Source records

◇ ◇ ◇ ◇

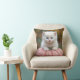 A fluffy white kitten with striking blue eyes sits adorably on top of a pink pumpkin
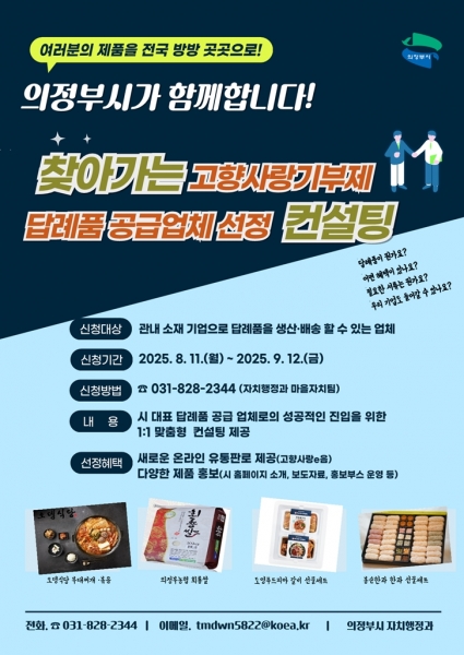 [금요저널] 의정부시는 지난해 큰 호응을 얻었던 ‘찾아가는 고향사랑기부제 답례품 공급업체 선정 컨설팅’을 올해도 이어간다.
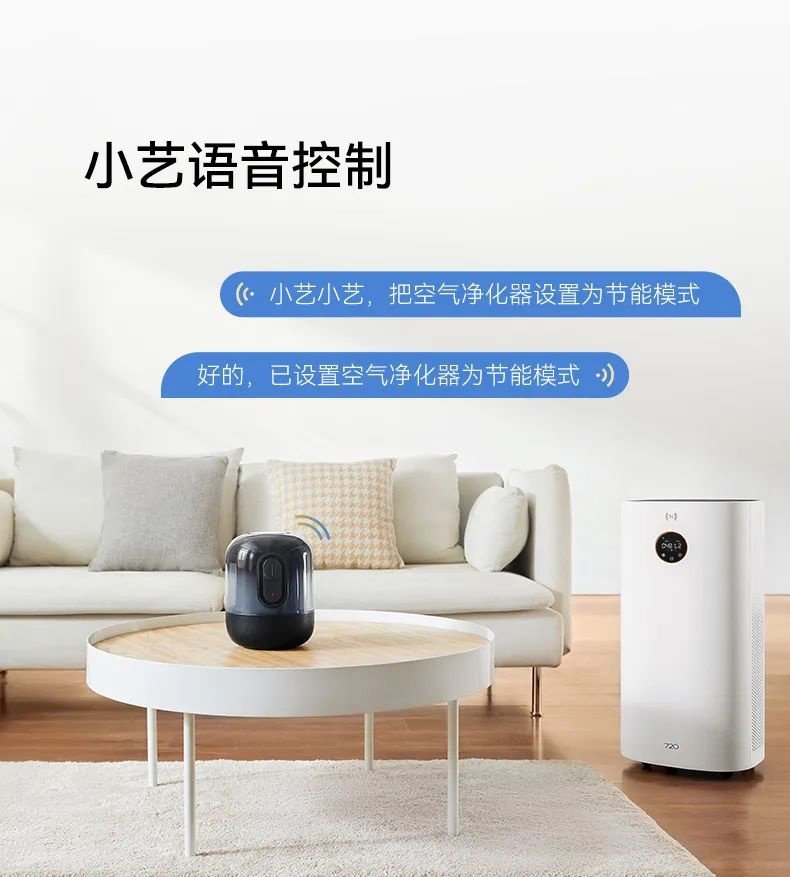 此外,用户还可以使用语音向它发放指令。通过使用小艺语音助手声控,说句话就能够让华为智选 720 智能空气净化器 3s 完成各种复杂操作。
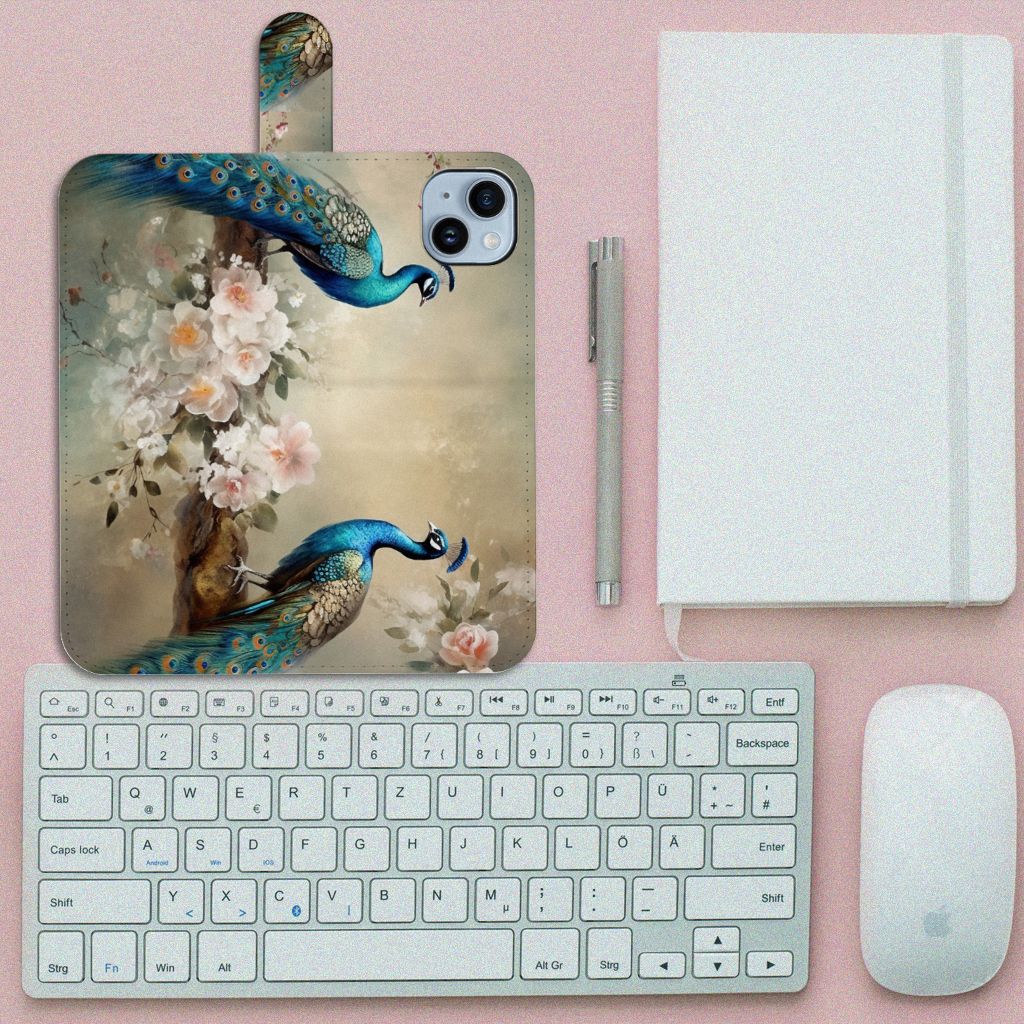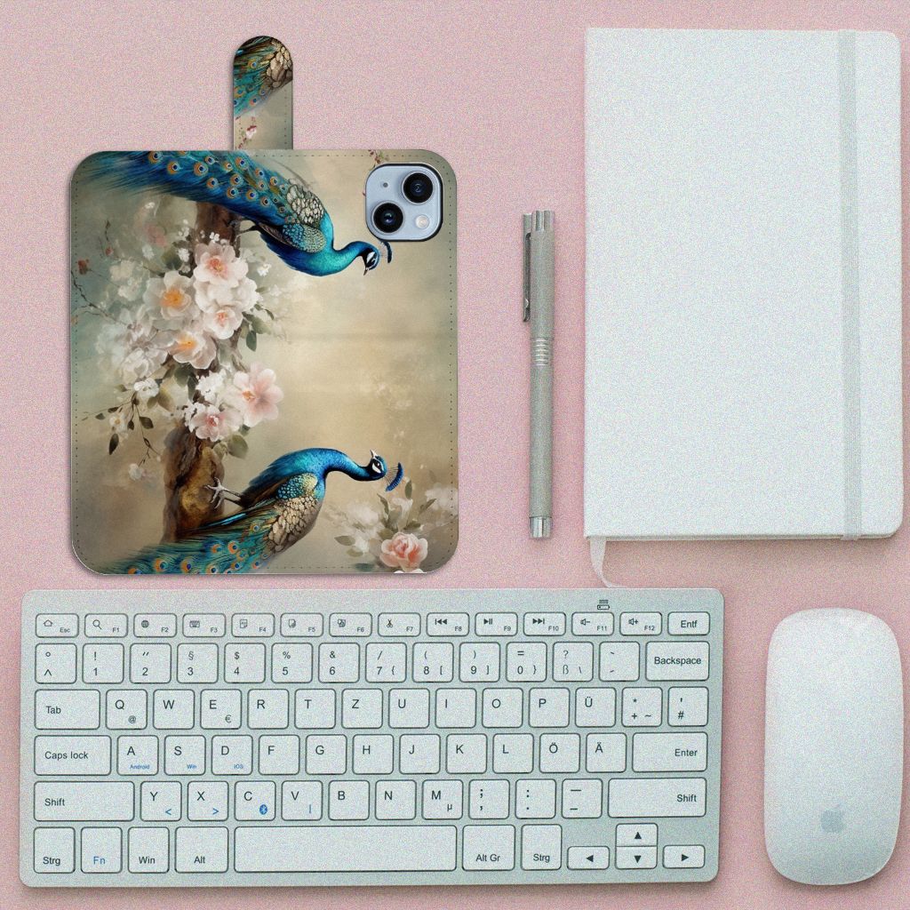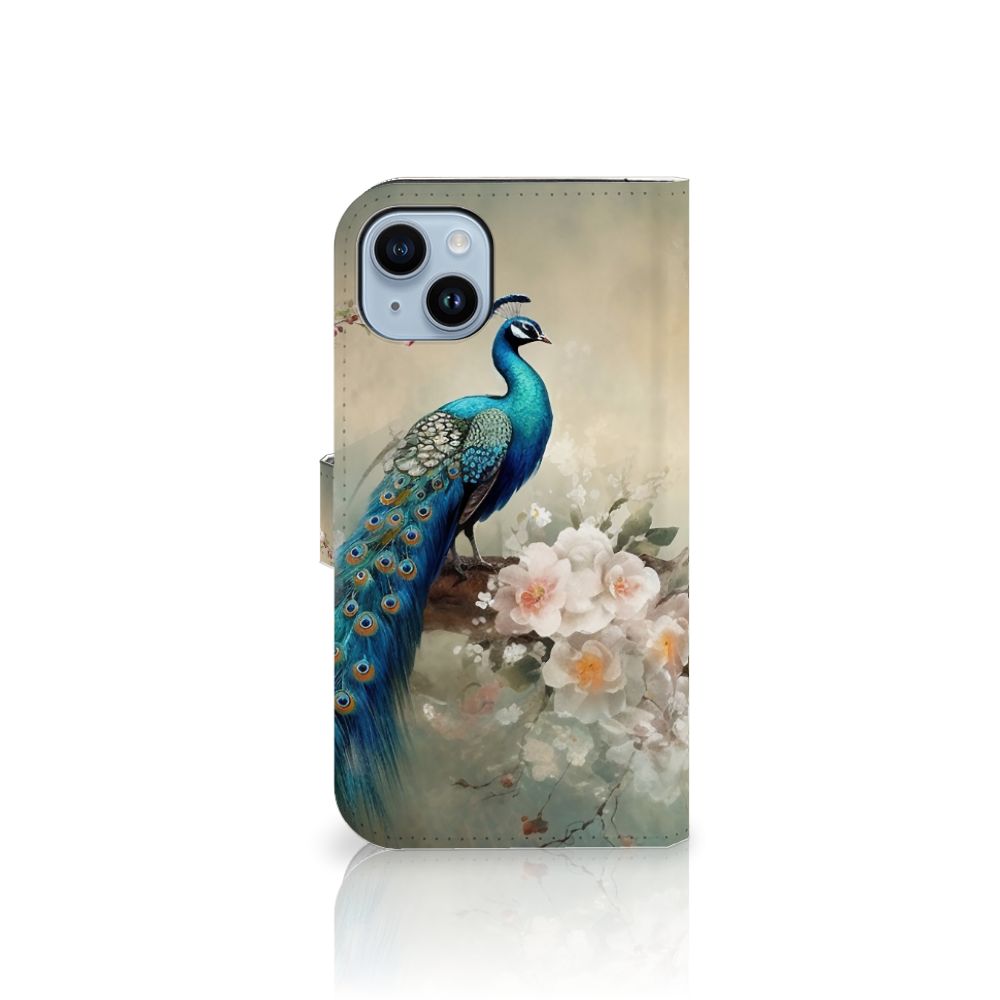 Telefoonhoesje met Pasjes voor iPhone 15 Plus Vintage Pauwen
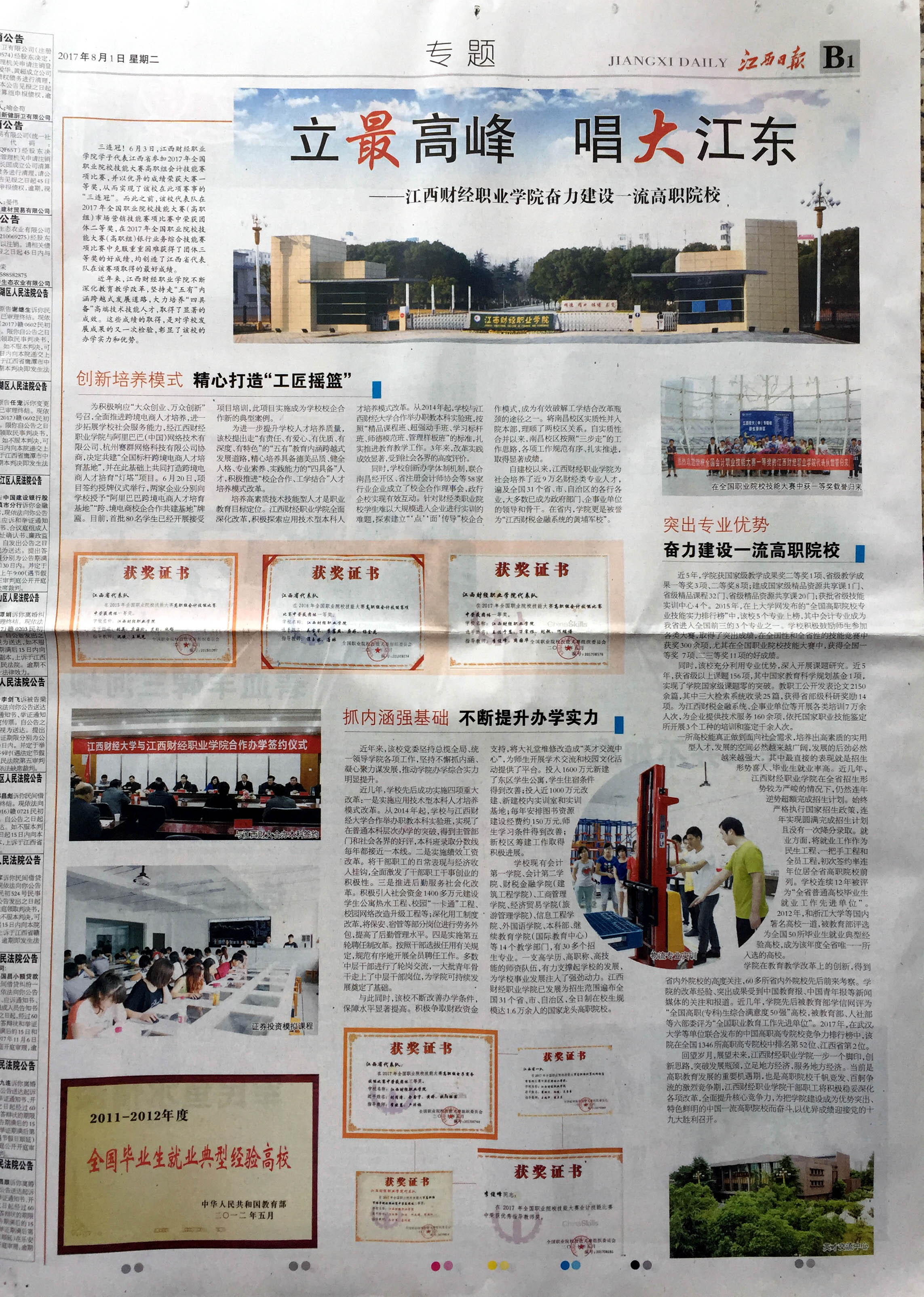 8月1日,《江西日报》B1版刊发《立最高峰 唱大江东——bat365正版唯一官网奋力建设一流高职院校》一文,专题报道bat365大力发展现代职业教育,加强内涵建设,提升综合实力,建设一流高职院校。

◇ ◇ ◇ ◇

Task goal:
Your response must consist of the lines from the beginning of the data through the line containing "此外,用户还可以使用语音向它发放指令。通过使用小艺语音助手声控,说句话就能够让华为智选 720 智能空气净化器", transcribed exactly, with no pictures.

Task solution:
 A fluffy white kitten with striking blue eyes sits adorably on top of a pink pumpkin
 [금요저널] 의정부시는 지난해 큰 호응을 얻었던 ‘찾아가는 고향사랑기부제 답례품 공급업체 선정 컨설팅’을 올해도 이어간다.
 此外,用户还可以使用语音向它发放指令。通过使用小艺语音助手声控,说句话就能够让华为智选 720 智能空气净化器 3s 完成各种复杂操作。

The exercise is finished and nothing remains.